A Survival Guide For Ohio Winters
Contrary to what the retail industry may want you to believe, this is actually the least wonderful time of the year.
I see nothing appealing about upwards of five months of snow, ice and well-below freezing temperatures, with finals placed conveniently around the coldest point.
No matter how many years I spend in a frigid climate, I probably won’t ever completely figure it out, but I have learned a thing or two.
How to Survive Winter 101:
Hibernate. Besides the fact that your two weeks off from school are simply an illusion of free time, because you have yet to take finals, this is actually a great opportunity to catch up on sleep. If your room is cold, you will also burn extra calories while sleeping.
If you need to lose weight, sleeping in a cold place (and being asleep would probably prevent you from eating) is definitely the way to go. Also, if it’s approximately 423 degrees below zero with a windchill of negative 5000, what other option do you really have? It’s not like you’re actually going to study.
Once sleeping gets old, or you happen to wake up, hot chocolate is the next best option. You need to strategically plan your trips to the grocery store when it’s warm enough that it’s not dangerous to leave the house. As long as you have a decent supply at home, this is the only 100% tried-and-true method that I’ve found to keep myself warm, and there’s never a bad reason to consume chocolate.
Seasonal Affective Disorder (SAD) is no fun. That’s why it’s called a disorder. According to the Mayo Clinic, SAD symptoms start in the fall and continue for the entire winter, draining your energy and causing you to feel moody. Unfortunately, we can’t spend all five winter months on a cruise ship in the Caribbean with a swim-up cocktail bar.

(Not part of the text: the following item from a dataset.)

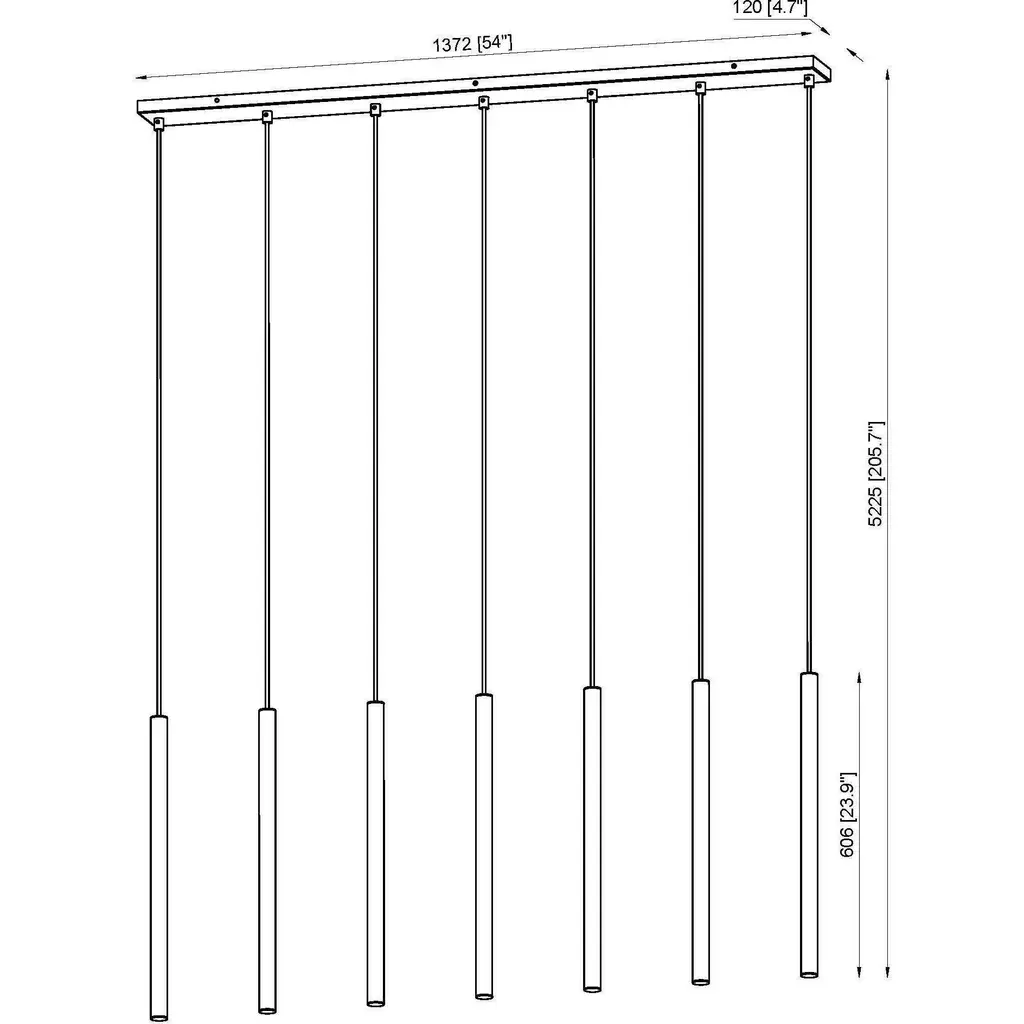 Infused with the sophisticated warmth of a modern gold finish, this contemporary seven-light linear chandelier adds an inviting ambiance over a dining table or kitchen island. It boasts an elongated silhouette paired with long, slim shades, casting welcoming LED illumination that's both dimmable and energy efficient.

However, the next best thing to combat the disorder, according to the Clinic, is staying physically active, and if you participate in a winter sport, especially swim team, you’ve got no choice. Bikram yoga is another a great idea. The room is hot enough, I would assume, that you forget that you’ll be lucky if the temperature is above zero when you go to the car.
A movie marathon is always a great option in bad weather. Although it might be too cold to leave the house for a new release, some lovely person probably will have posted the movie online for your illegal viewing pleasure a few days after the premier.
If they haven’t, or in the event that you’re an honest human being, then our 16-day winter break is the perfect length of time to rewatch all eight Harry Potter movies. It’s either raining or snowing at Hogwarts about 85% of the time, so the characters know exactly what you’re going through. Also, there are no thermostats nor space heaters at Hogwarts, so you should be thankful for what you have.
Finally, there is no better use of leisure time spent indoors than baking. I guarantee that anyone who happens to be at your house will be thrilled to find fresh, right-out-of-the oven brownies.
If you’re really feeling ambitious, you could bring your baked goods to school and make everyone’s day. Everybody knows that when you give out free food, you suddenly have ten new best friends. The strongest friendships are usually the ones based solely on the exchange of food.
Winter is not usually a fun time in Ohio, probably because it lasts for about half the year, by which time the novelty has worn off a bit. It will never be easy, but these are my five best tips to make it through the winter.